Heaven is then the ‘place’ that we all go – as I alluded to before as concerns loved ones, general human feelings and higher desires? Then we are like how gods children ‘should be’ [?] and god would be ever present.
Wil, hi
Duality and separateness! This is where I get confused with the notion of god – I mean; can we say that the only reality is god? Then the path is to lead us towards this goal, or as in the pre-history belief of going back to the ‘original self’ or primordial nature. For me these things make everything seam so pointless as if nothing matters in the end!
When I look into the night sky, it is hard to imagine the ultimate nature as self or god – more something that can be such things yet is so much more vast [expansive - universal].
Oneness and plurality are for me defunct expressions/meanings [or secondary], except as allusions to higher philosophical ideas. I have been searching for a way to break the paradox of these + reality and illusion – I prefer infinity and the quantum, both are real, yet infinity is oneness in that one cannot build up to it – its just kinda there, then the quantum is ‘not quite finite’!
It’s all in the beginnings of explanations – if we start right then we may proceed in ‘truth’.

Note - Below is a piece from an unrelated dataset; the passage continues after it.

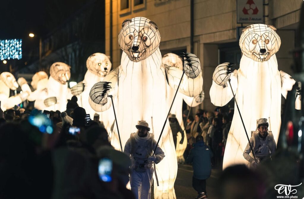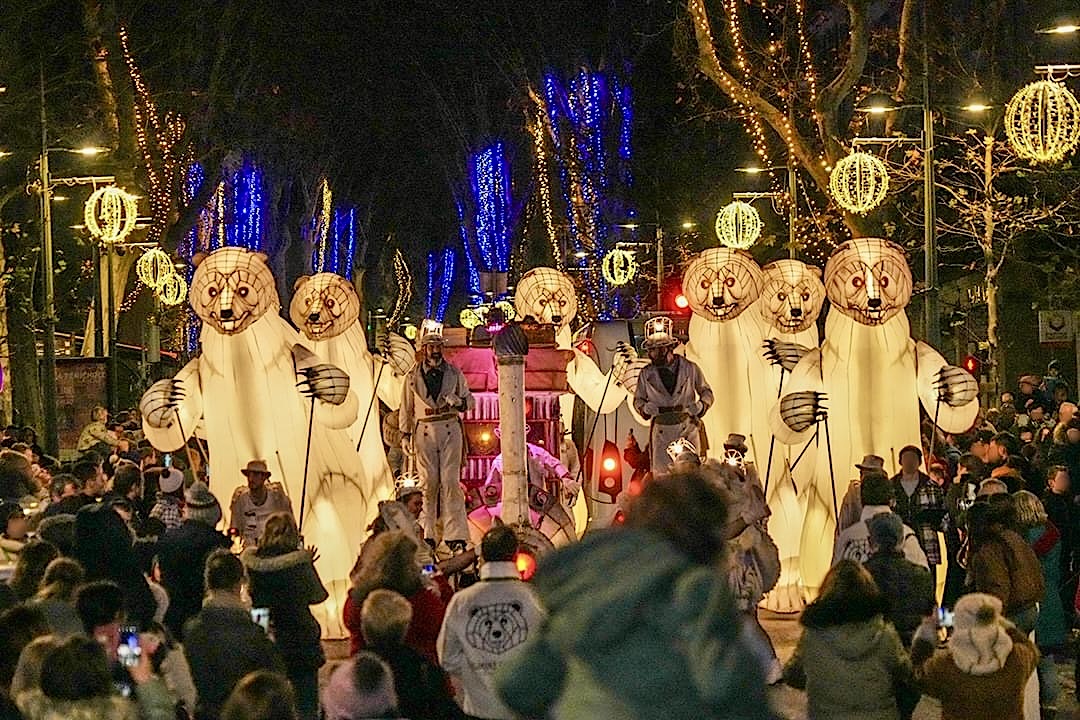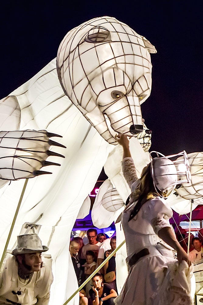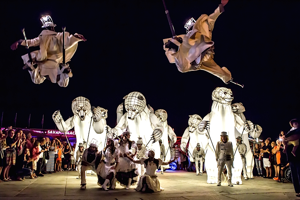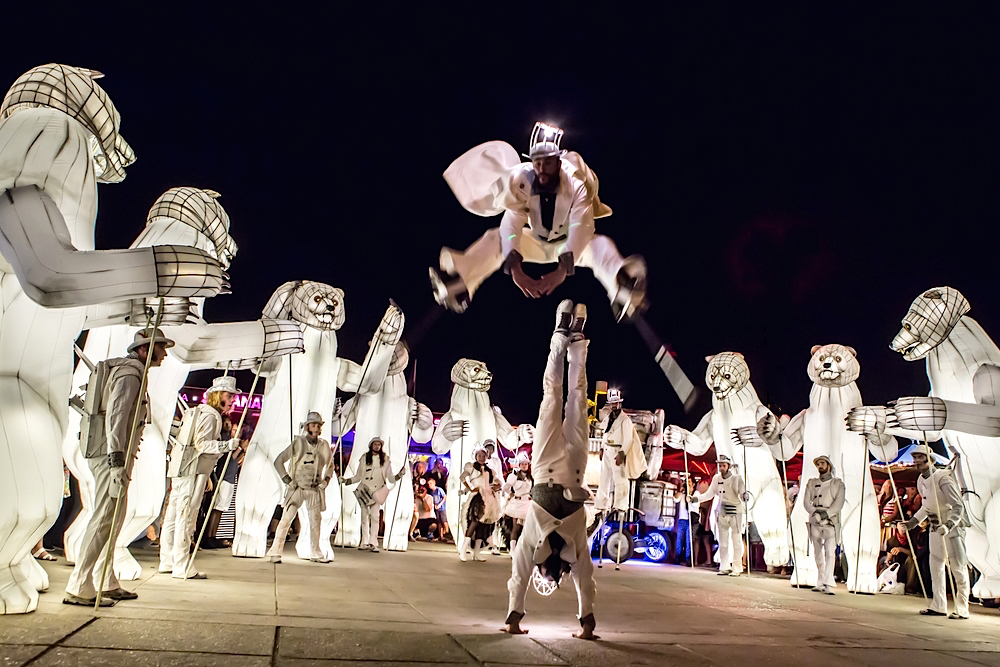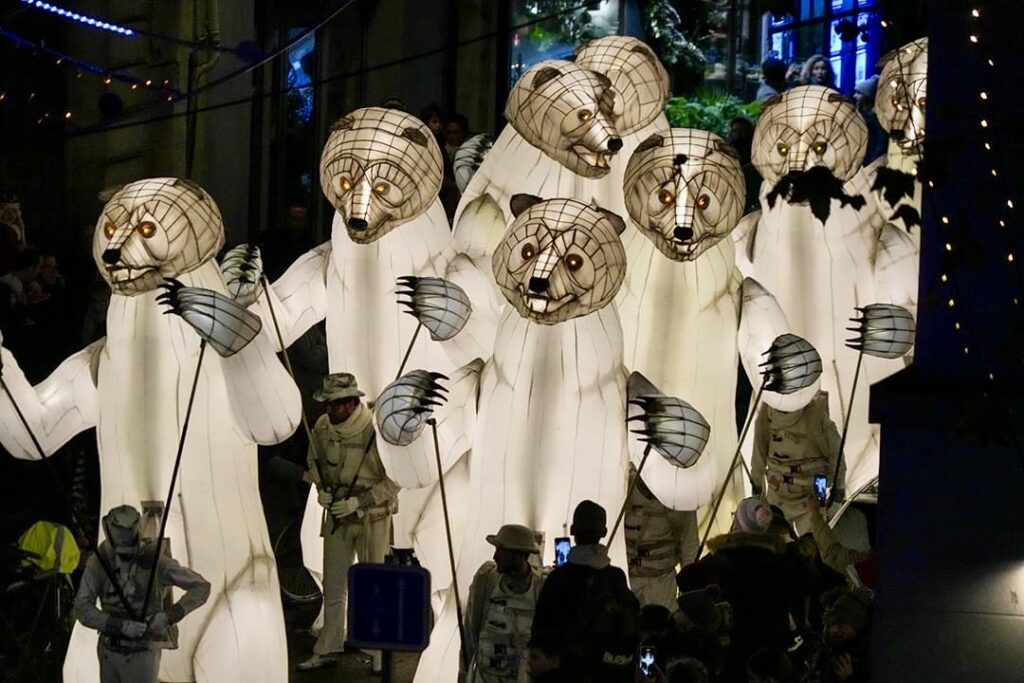 Une horde d’ours lumineux s’avance accompagnée d’extravagantes danseuses, guidées par un séduisant maître de cérémonie sur échasses.
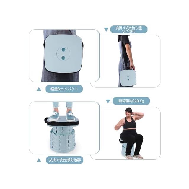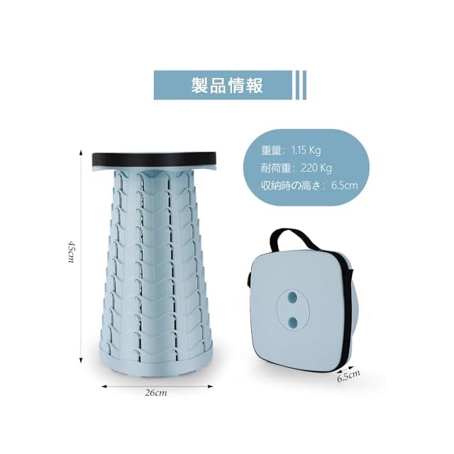 仕様<BR> 品名:折り畳み椅子<BR> 材質:pp材質 重量:1.15kg<BR> 耐荷重:220kg<BR> 高さは:6.5cm-45cm<BR> 組み立てサイズ:幅26cm**高さ45cm<BR> 折りたたむサイズ:幅26cm*高さ6.5cm<BR> セット内容<BR> アウトドア折り畳み椅子*1<BR> クッション*1<BR> 日本語説明書*1 <BR> 用途<BR> 伸縮式スツール<BR> キャンプ<BR> 釣り<BR> 体育会<BR> 山登り<BR> 花見<BR> 運動会<BR> 観戦<BR> フェス<BR> 室内屋外<BR> 使用中のご注意<BR> この椅子を使用する前に、バックルが所定の位置にロックされていることを確認してください。<BR> 雨や雪に濡れた場合は、拭いて乾かしてください。<BR> 屋外で使用したときに汚れた場合は、洗って乾かしてから保管してください。<BR> 保管時は直射日光を避けてください。<BR>

I am probably wrong though!
Z
Well, Z, my underastanding of all theistic theologies-well at least Chrisitanity

-is they posit unity or very close "relationship" between an individual and God as opposed to "oneness" per se, though at ultimate relationship where's the dualism or oneness I guess. One of the best quotes I ever encountered from a Christian mystic that addresses the formlessness within the form within Christian theology came from Meister Eckhart. I'll borrow that quote agin here from a thread I started regarding him some 8 months ago ("Zen of Meister Eckhart"):
"When I subsisted in the ground, in the bottom, in the river and fount of Godhead, no one asked me where I was going or what I was doing; there was no one to ask me. When I was flowing, all creatures spake God. If I am asked, Brother Eckhart, when went ye out of your house? Then I must have been in. Even so do all creature speak God. And why do they not speak Godhead? Everything in the Godhead is one, and of that there is nothing to be said. Godhead does no work, there is nothing to do, in it is no activity. It never envisaged any work. God and Godhead are as different as active and inactive. On my return to God, where I am formless, my breaking through will be far nobler than my emanation. I alone take all creatures out of their sense into my mind and make them one in me. When I go back into the ground, into the depths, into the well-spring of Godhead, no one will ask me whence I came or whither I went. No one missed me: God passes away."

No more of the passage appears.